Lol! I do that, too!

Sent from my SAMSUNG-SM-G930A using Chicken Forum mobile app


----------



## chickenqueen (Jan 9, 2016)

I'm a member of this club,too!At least we are all in good company.....


----------



## robin416 (Sep 8, 2013)

What's really bad for me is that before I complete a comment or thought my brain has already moved on to something totally different. I've done that all my life. What I'm finding now is that it's harder to keep it all straight. One day I'll have some sort of word salad dropping out of my mouth because my brain is tackling several disassociated tasks.


----------



## dawg53 (Aug 25, 2015)

Dang, sounds like we're all in the same boat!


----------



## seminole wind (Aug 22, 2015)

Well glory be! I went back and it let me write a review. So I didn't write one before afterall! 
The book was "U is for undertow". Her mysteries start with "A is for alibi". I love this series, and this U book I think has been her best.


----------



## robin416 (Sep 8, 2013)

seminolewind said:


> Well glory be! I went back and it let me write a review. So I didn't write one before afterall!
> The book was "U is for undertow". Her mysteries start with "A is for alibi". I love this series, and this U book I think has been her best.
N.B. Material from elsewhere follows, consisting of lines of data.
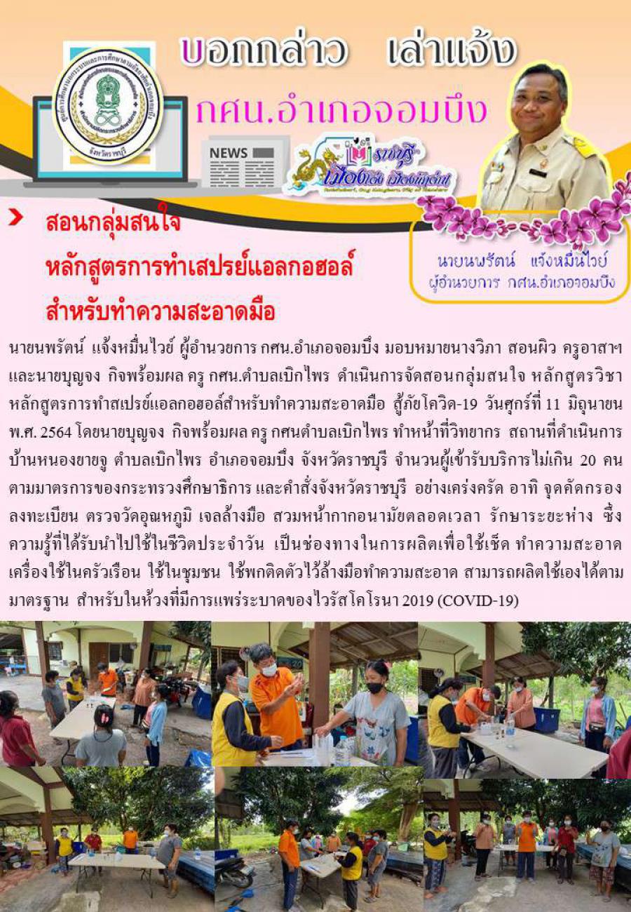 กศน.อำเภอจอมบึง:งานการศึกษาต่อเนื่อง กศน.ตำบลเบิกไพร
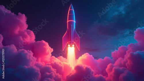 Fototapeta premium vibrant rocket launching through colorful clouds, creating stunning visual
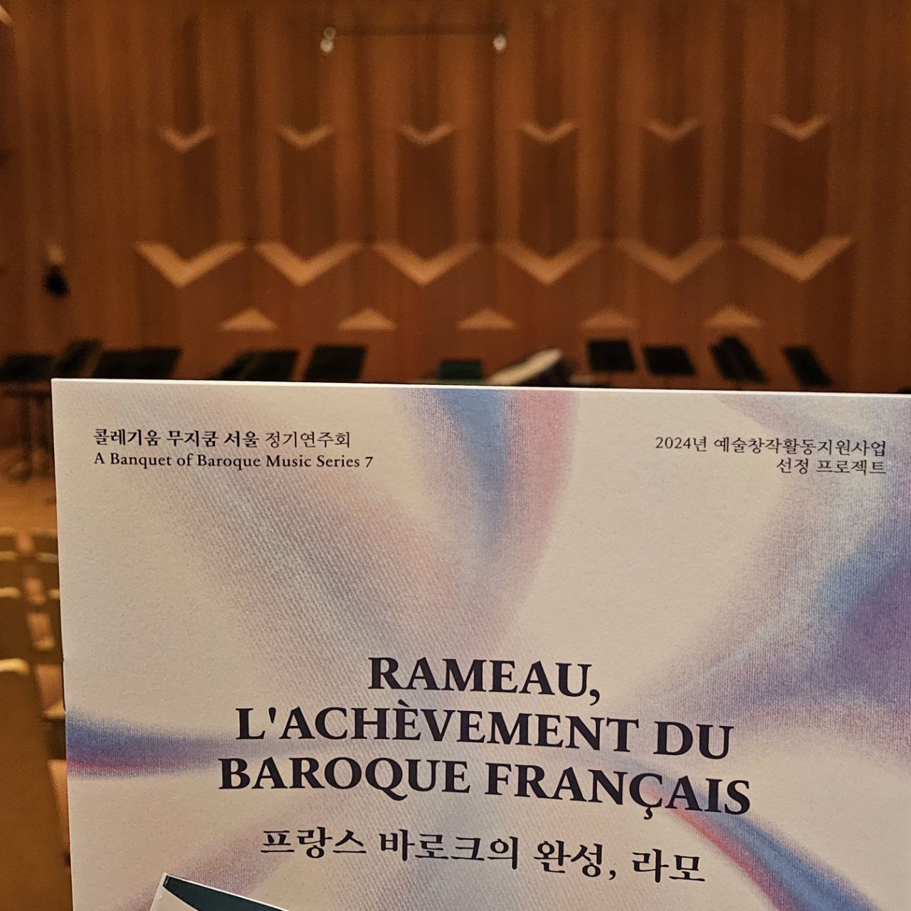 작년에 이어 올 해도 콜레기움 무지쿰 서울 정기연주회에 다녀왔습니다. 작년 공연에서 앙코르로 오늘 공연의 프로그램에 대한 힌트를 주었고, 역시 그에 맞게 오늘 공연은 라모의 곡들로 프로그램의 구성되어 있었습니다. 바로크 곡들을 종종 듣긴 하지만 알고 있는 작곡가는 그리 많지 않다고 생각하는데, 라모는 그중에서도 꽤 자주 듣고 또 좋아하는 작곡가입니다. 그 계지는 마크 민코프스키의 '상상의 교향곡' 음반을 통해서였고, 오늘 연주된 곡 중에서 해당 음반에 수록된 곡도 하나 있어서 무척 반가웠습니다.

I think that discovery might be even worse than the things we've been talking about happening to us. Trying to review a book that you really did already review and didn't realize it wasn't the one you wanted to review?


----------



## seminole wind (Aug 22, 2015)

I don't think that was my review. I don't use the word "chew" describing a book, and I couldn't find the actual post left. 

However, If I remember I make myself little notes and hope I don't forget where I put them.


----------



## robin416 (Sep 8, 2013)

seminolewind said:


> However, If I remember I make myself little notes and hope I don't forget where I put them.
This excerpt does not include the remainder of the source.